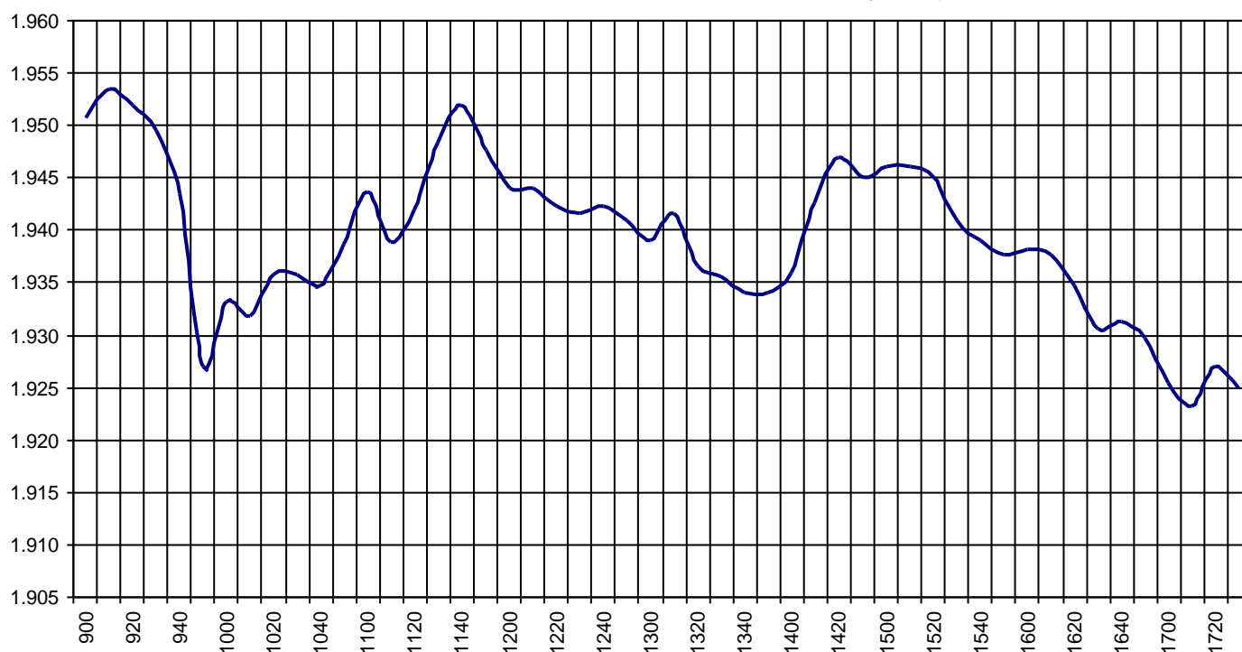
Valor medio del índice IBEX MAB® 15 cada 10' (Index Average every 10')
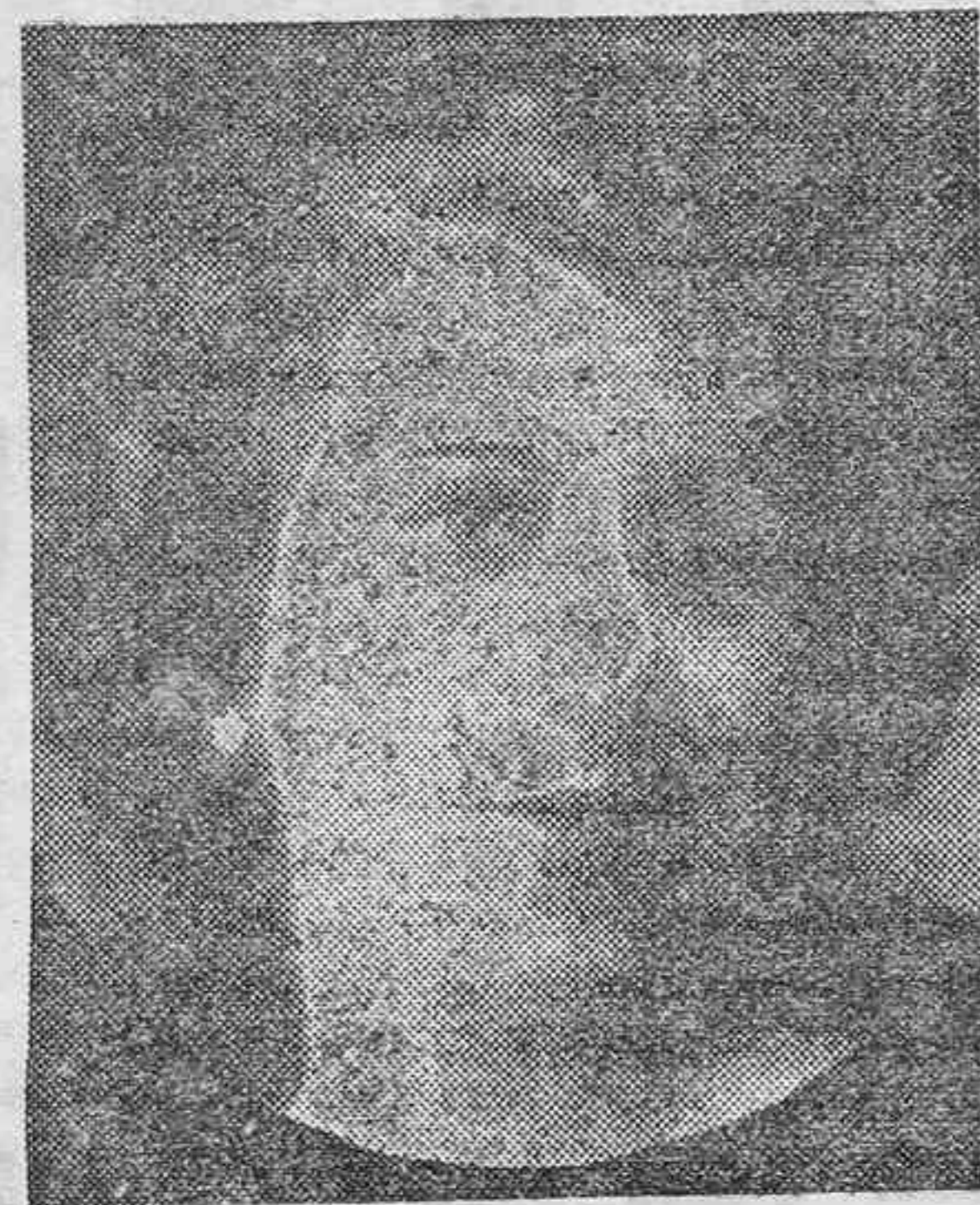
La hija de Stavisky

carño que siento por ti. Tú has sido siempre la guía de mi vida, y por esta razón, yo "considero un deber mío desaparecer". Tú sabes de cuánto cariño he rodeado yo a nuestros pequeños. Contengo el deseo de dejarles
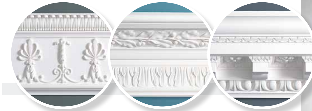
Лепной декор, Stevensons, салон Manders
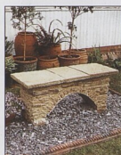
Lavička s obloukem 76
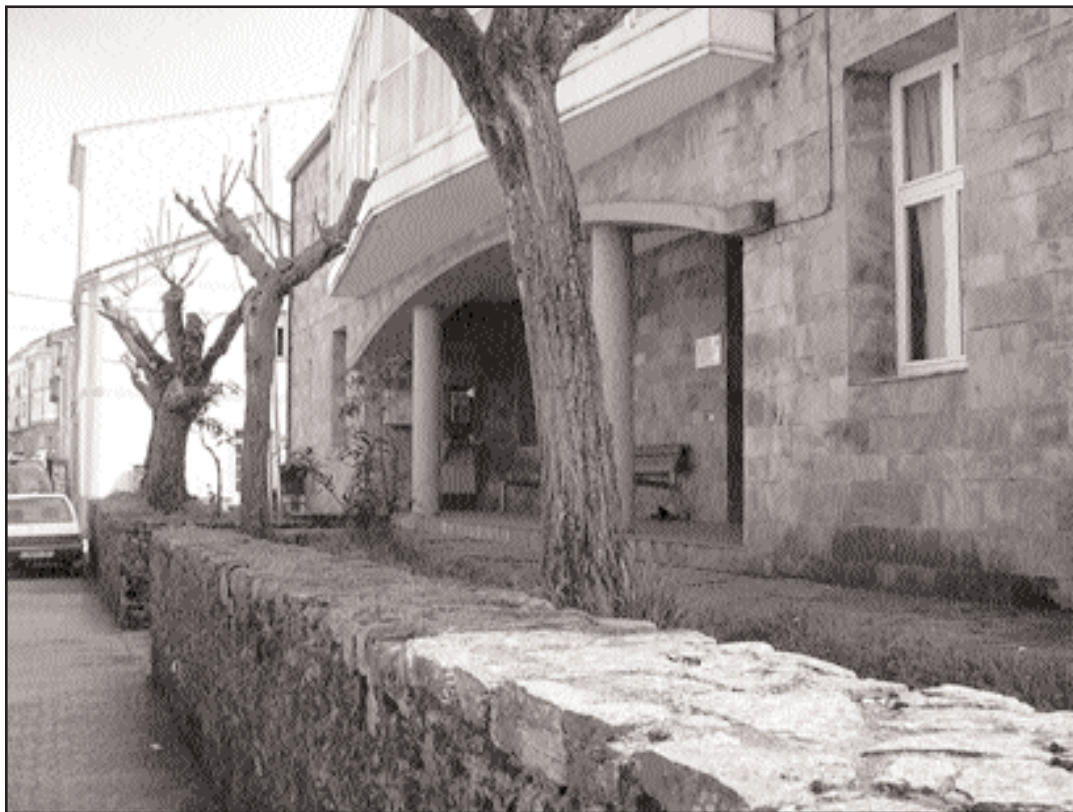
O albergue de Melide acolleu durante o mes de marzo a 873 peregrinos

Estas cifras, sen embargo, nada teñen que ver coas do pasado ano 2004, Ano Santo Compostelano. No mes de abril dese ano, dentro do que se encadrou
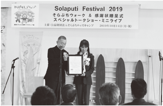
▲感謝状をいただき、記念撮影

医療施設を備え、特別に配慮された施設やプログラムで創る夢のキャンプ。病気の子どもたちやその家族が、自然の中で病気のことを忘れ、笑顔で楽しい時を過ごし、「楽しい思い出」「すばらしい仲間」「生きる力」「希望」を得ることが出来る場所を提供しています。
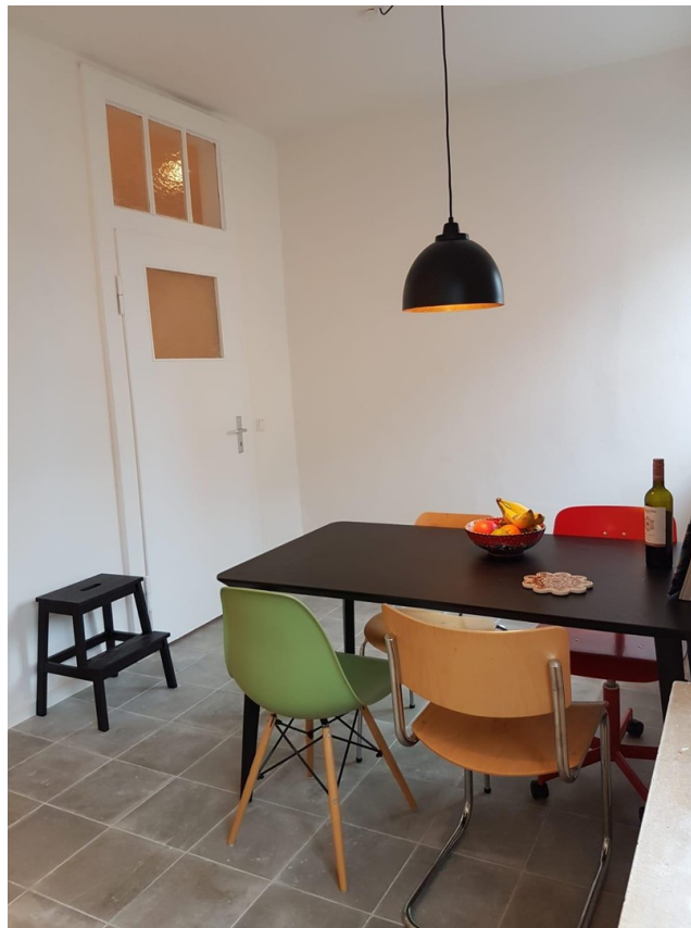
Wohnküche Bild 2 (ca. 17,23 m 2 )
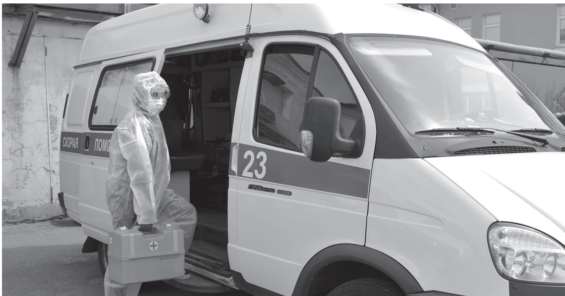
Нелёгкие будни «скорой помощи»

Как работают медики «скорой помощи» в эти дни
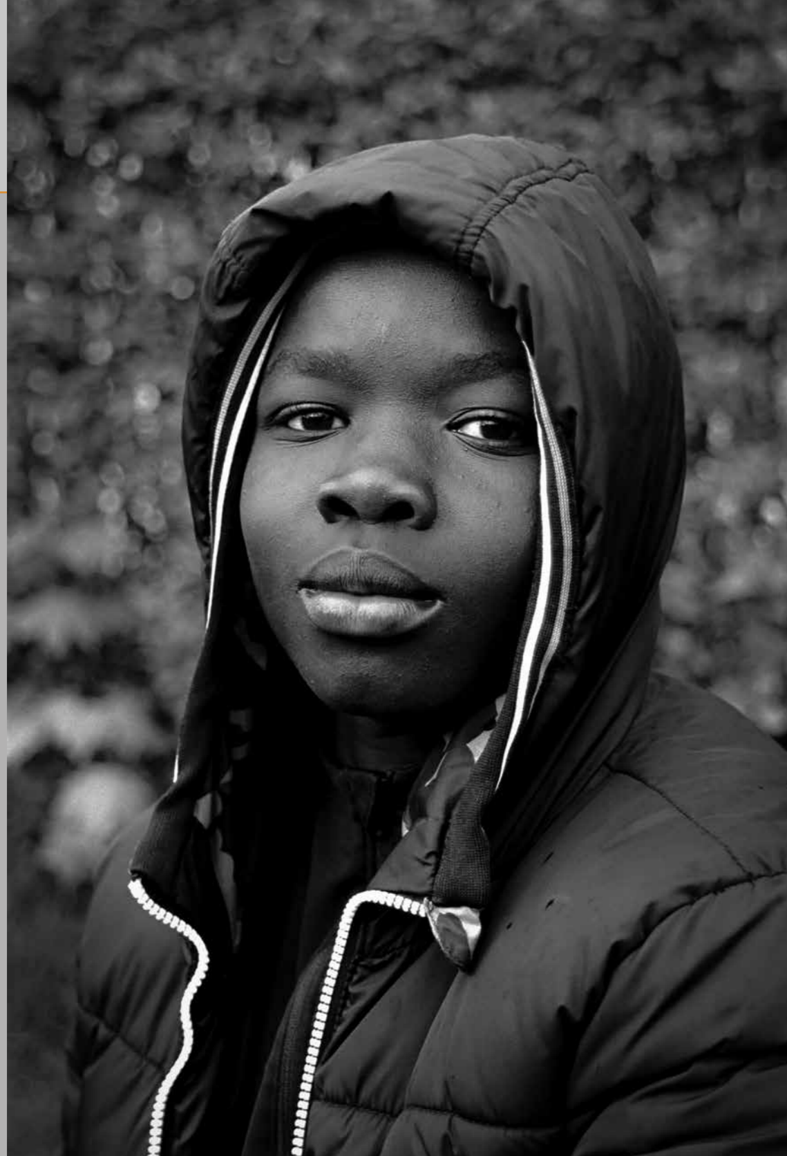
Portret, Oisterwijk, 2023.

▶ **PROBLEM TO SOLVE**: Every line with the word "скорой" in it should be copied from the listing above.

▶ **EXERCISE OUTPUT**:
Нелёгкие будни «скорой помощи»
Как работают медики «скорой помощи» в эти дни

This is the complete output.